Diagnostic Performance of Large Language Models in Musculoskeletal Ultrasound: A Comparative Evaluation of ChatGPT-5.1 and Gemini for Plantar Fasciitis.
Authors
Affiliations (2)
Affiliations (2)
- Department of Physical Medicine and Rehabilitation, Elazıg Fethi Sekin City Hospital, Elazıg, Turkey. [email protected].

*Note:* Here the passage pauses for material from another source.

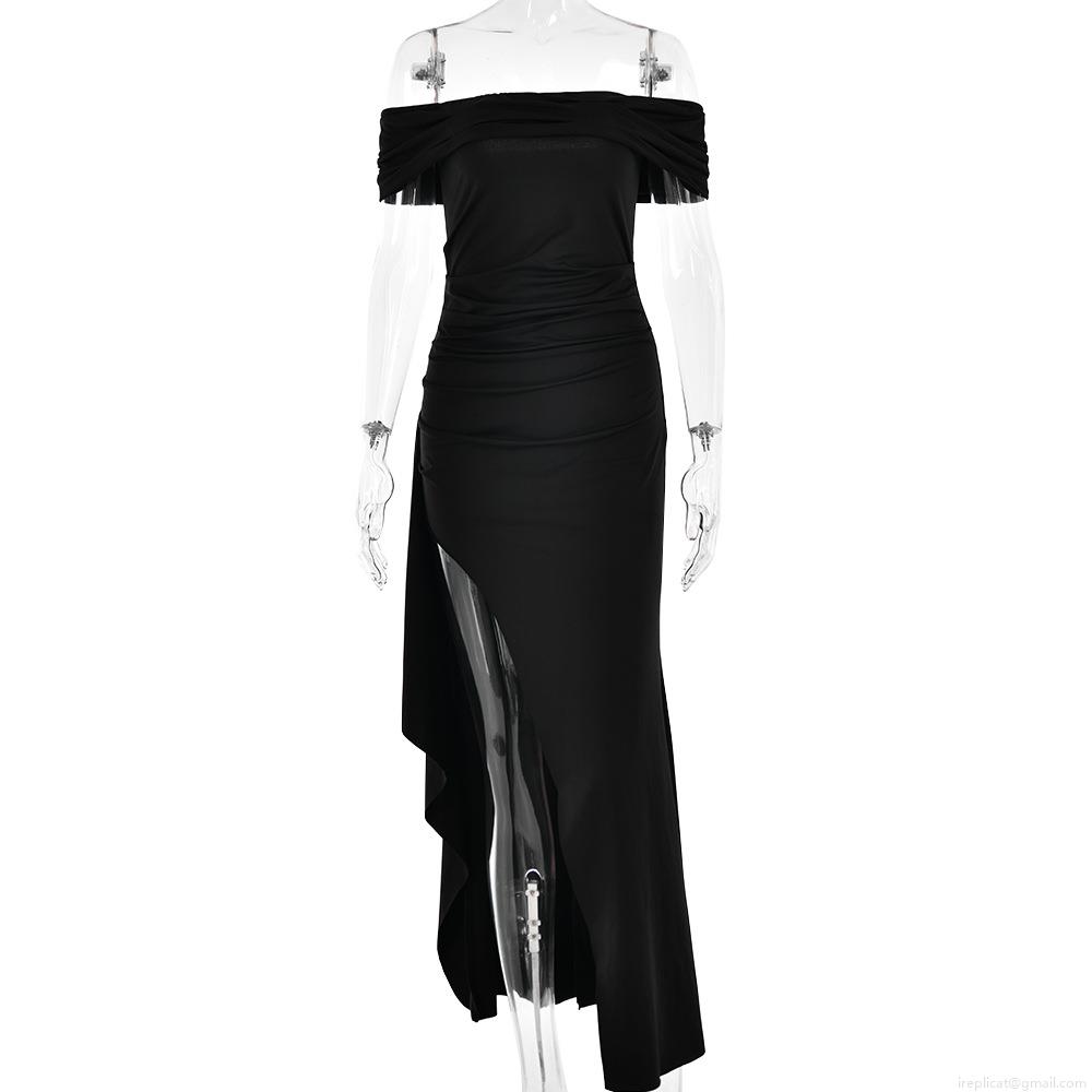 Solid Color, Pleats, Ruffles, Backless, Off-shoulder, High Fork

- Erzurum Technical University, Faculty of Health Sciences, Department of Physiotherapy and Rehabilitation, Erzurum, Turkey.
Abstract
Recent advances in large language models (LLMs) have prompted growing interest in their potential to assist with musculoskeletal ultrasound interpretation. However, evidence regarding their diagnostic performance in plantar fasciitis remains scarce. This study evaluated the accuracy of ChatGPT-5.1 and Gemini in classifying plantar fasciitis on longitudinal ultrasound images, using a board-certified physiatrist's assessment as the reference standard. In this prospective diagnostic accuracy study, 80 anonymized plantar fascia ultrasound images were analyzed independently by ChatGPT-5.1 and Gemini using standardized interpretive prompts. Images were classified as normal or pathological based on established criteria, including fascial thickness ≥ 4 mm, hypoechogenicity, and disturbance of fibrillar structure. Diagnostic metrics (sensitivity, specificity, predictive values, accuracy, F1-score, and Cohen's κ) were calculated. Comparative performance was assessed using McNemar's test. ChatGPT-5.1 demonstrated a balanced diagnostic profile, achieving a sensitivity of 67.6%, specificity of 97.7%, and overall accuracy of 83.8%. In contrast, Gemini exhibited maximal sensitivity (100%) but substantially reduced specificity (37.2%), yielding an overall accuracy of 66.3%. Confusion matrices revealed divergent error structures: ChatGPT-5.1 produced few false positives (n = 1), whereas Gemini generated many (n = 27). Agreement with the reference standard was substantial for ChatGPT-5.1 (κ = 0.666) and fair for Gemini (κ = 0.354). McNemar's test showed a significant difference in paired classification decisions between the models (p = 0.035). Precision-recall analysis indicated a more favorable precision-recall balance for ChatGPT-5.1. ChatGPT-5.1 showed high specificity, whereas Gemini demonstrated higher sensitivity, indicating different diagnostic operating characteristics rather than overall superiority. These patterns suggest potential screening-oriented use for Gemini and confirmatory use for ChatGPT-5.1. The findings support the feasibility of LLM-assisted musculoskeletal ultrasound interpretation and highlight the need for multicenter validation and integration strategies based on complementary model characteristics.